Gürültü Azaltmanın Uygulamaları
Gürültü azaltma, görüntü geri kazanımı ve görüntü ölçekleme gibi çeşitli uygulamalara sahiptir, ancak en önemli olanlar şunlardır:
- Tıbbi Görüntüleme: Gürültü azaltma teknikleri, MRI ve CT taramalarında hastalık tanısını iyileştirir, hasta sonuçlarını iyileştirir.
- Uydu Görüntüleme: Gürültü azaltma, uydu resimlerinde nesne ve özelliklerin daha iyi tanımlanmasını sağlar.

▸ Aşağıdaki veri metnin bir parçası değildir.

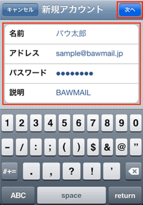 6.新規アカウント情報を入力し、「次へ」をタップします。
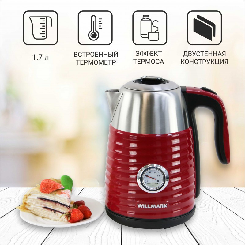 - Чайник электрический имеет двухстенную конструкцию, в которая наружняя часть выполнена из экологически безопасного пищевого пластика, внутренняя - из нержавеющей стали
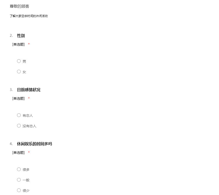 娱乐休闲活动调查
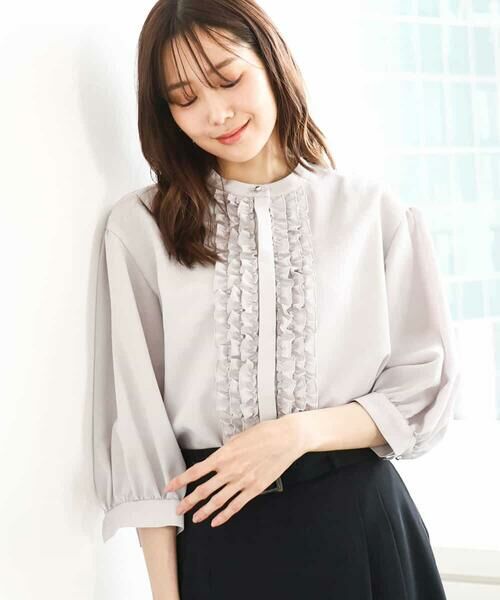 トレンドのフロントフリルデザインのブラウス。大人っぽく着こなしやすいよう、フリルの分量感やサイジングにこだわりました。
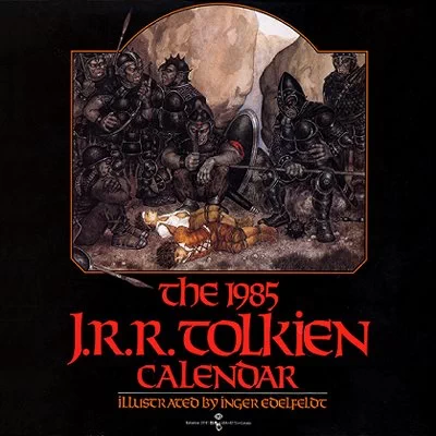 Edition 1985 publiée chez Ballantine, de la collection des calendriers Tolkien. Cette édition est exceptionnellement illustrée à l'aquarelle, par l'artiste suédoise Inger Edelfeldt.
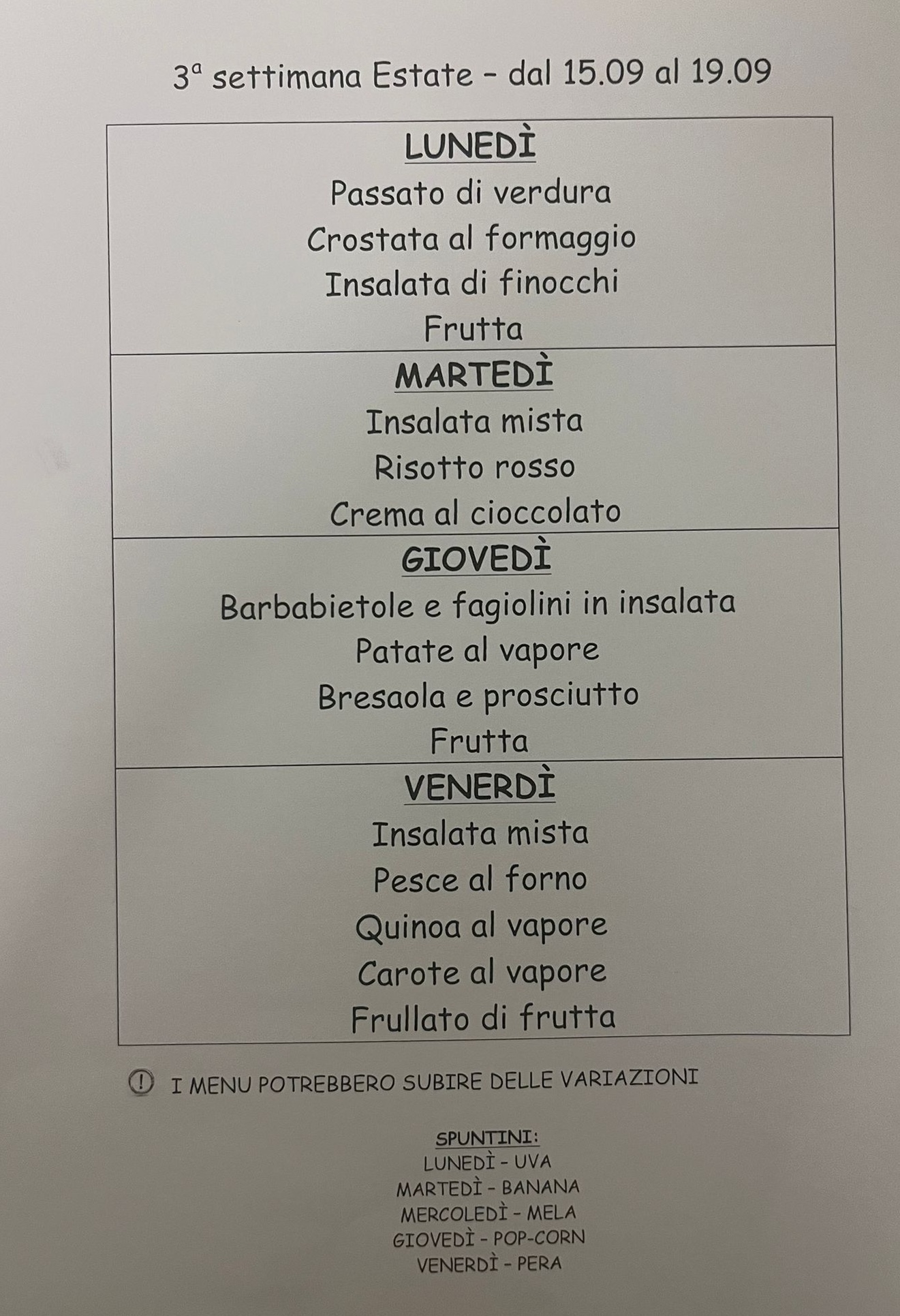 12.9.25 Menu della settimana dal 15.9 al 19.9.25

- Felaket yönetimi: Gürültü azaltma, çevre izleme ve haritalama için uzaktan algılama resimlerini iyileştirir.
- Kanun Uygulama: İzleme görüntüleri ve adli resimlerde netliği artırır, şüpheli ve nesne tanımlamasını kolaylaştırır.
- Uzay Araştırmaları: Gürültü azaltma, astronomik resimleri temizler, uzayda zayıf gök cisimlerini ve ince ayrıntıları tespit etmeyi sağlar.
İlgili içeriği okumak için Unite AI‘i ziyaret edin.